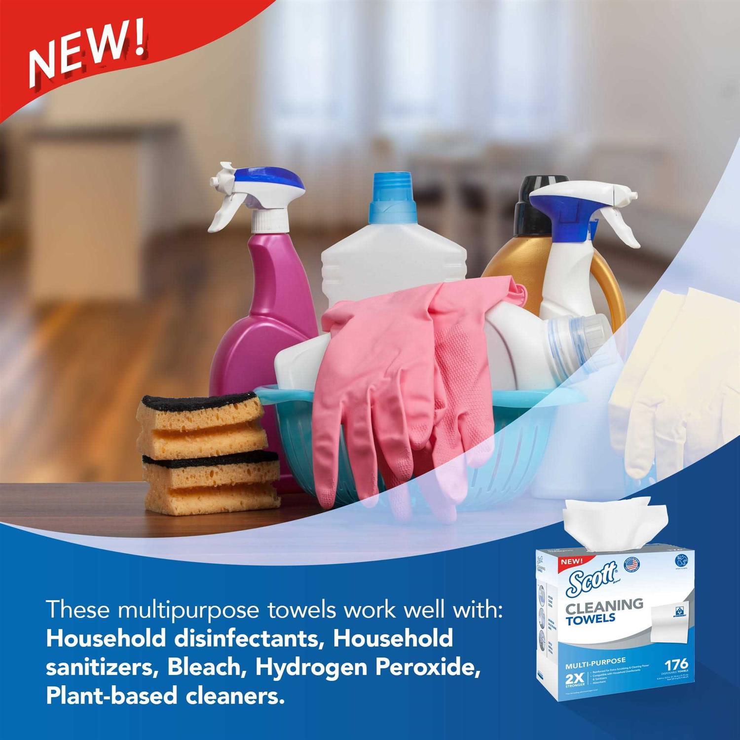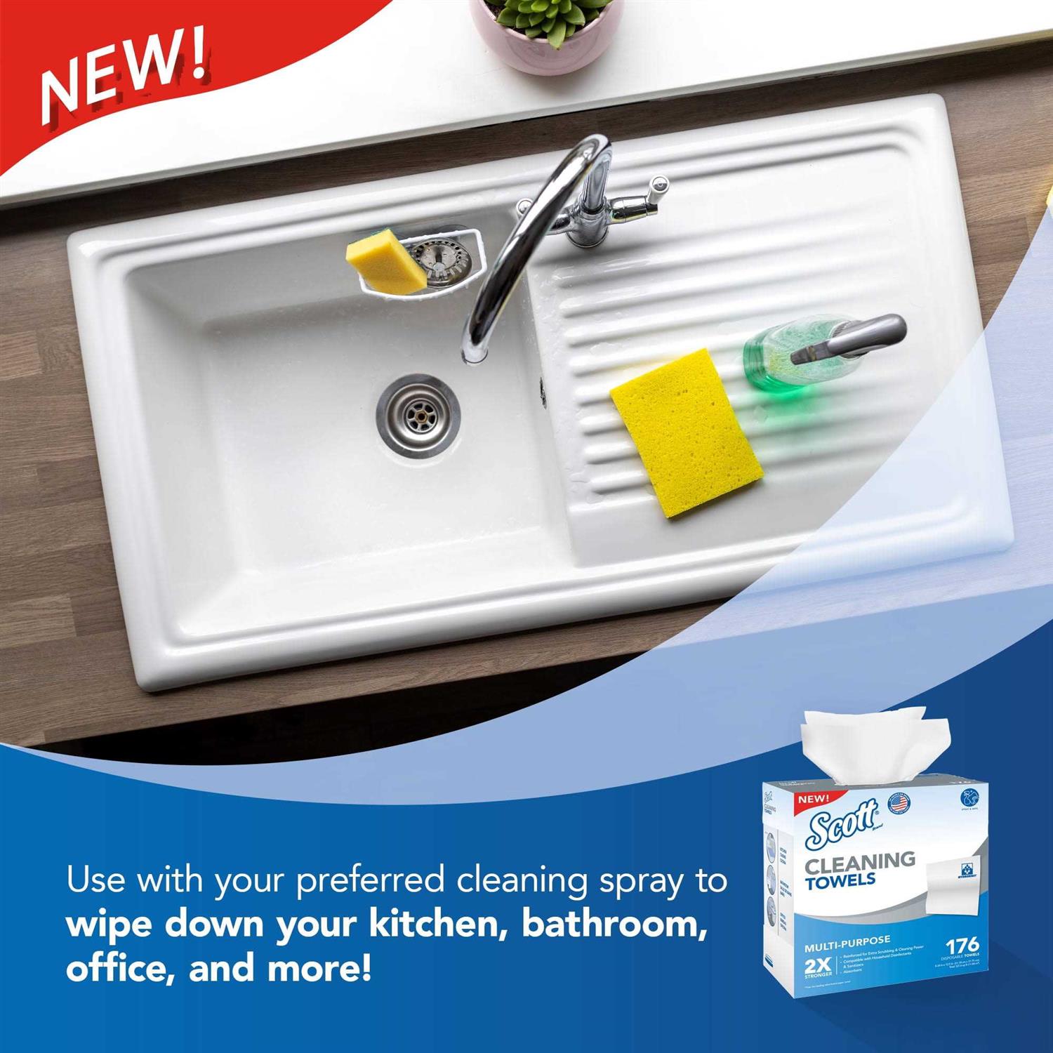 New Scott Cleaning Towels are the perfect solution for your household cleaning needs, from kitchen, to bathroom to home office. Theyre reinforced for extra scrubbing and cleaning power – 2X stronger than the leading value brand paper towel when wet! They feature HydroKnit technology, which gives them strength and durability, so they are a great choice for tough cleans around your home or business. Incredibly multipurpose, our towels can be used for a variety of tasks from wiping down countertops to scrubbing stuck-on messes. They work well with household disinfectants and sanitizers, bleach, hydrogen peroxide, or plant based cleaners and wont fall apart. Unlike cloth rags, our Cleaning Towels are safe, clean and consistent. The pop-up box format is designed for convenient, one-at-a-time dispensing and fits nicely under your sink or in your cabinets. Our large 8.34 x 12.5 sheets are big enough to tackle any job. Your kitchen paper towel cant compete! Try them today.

+++

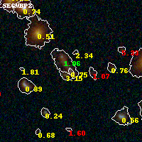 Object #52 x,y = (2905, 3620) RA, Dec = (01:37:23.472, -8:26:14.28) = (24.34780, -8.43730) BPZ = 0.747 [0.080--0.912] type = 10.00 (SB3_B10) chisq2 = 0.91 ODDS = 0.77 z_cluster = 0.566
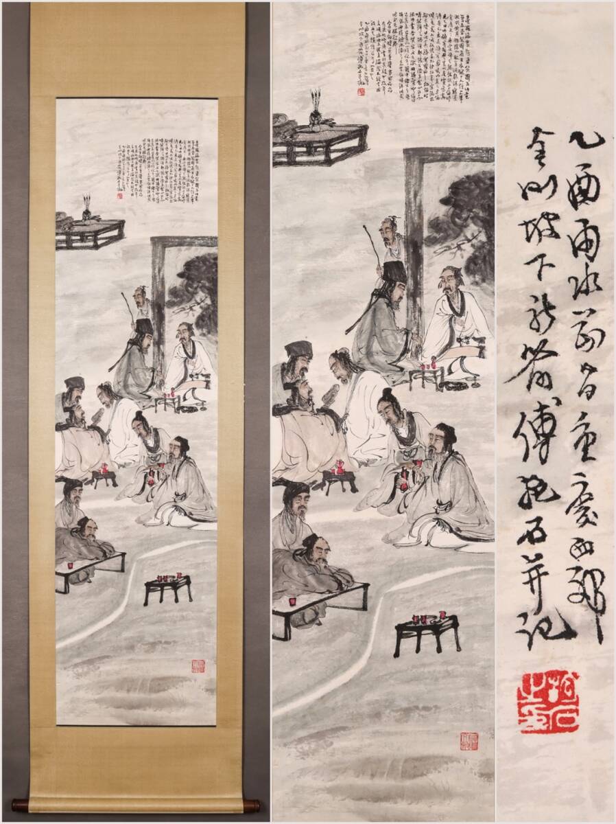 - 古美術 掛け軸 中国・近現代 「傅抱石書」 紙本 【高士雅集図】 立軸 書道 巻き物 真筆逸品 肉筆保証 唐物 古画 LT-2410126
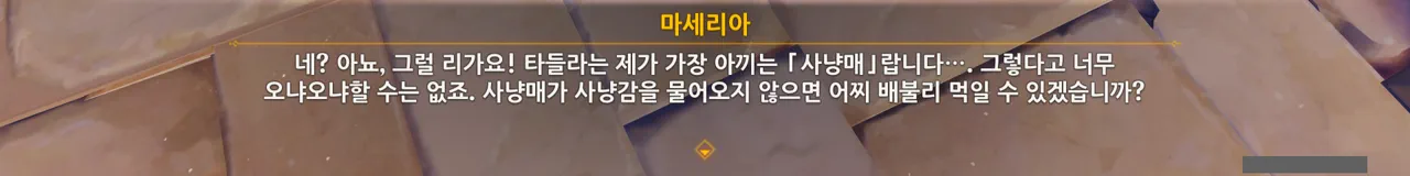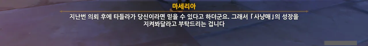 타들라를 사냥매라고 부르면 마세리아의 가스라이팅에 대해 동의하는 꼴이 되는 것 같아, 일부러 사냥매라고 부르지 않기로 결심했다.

+++

— Activity —
Copy only the lines above from the one containing "- 古美術 掛け軸 中国・近現代" through the one containing "타들라를 사냥매라고 부르면", both included. Leave out the pictures.

— Answer section —
 - 古美術 掛け軸 中国・近現代 「傅抱石書」 紙本 【高士雅集図】 立軸 書道 巻き物 真筆逸品 肉筆保証 唐物 古画 LT-2410126
 타들라를 사냥매라고 부르면 마세리아의 가스라이팅에 대해 동의하는 꼴이 되는 것 같아, 일부러 사냥매라고 부르지 않기로 결심했다.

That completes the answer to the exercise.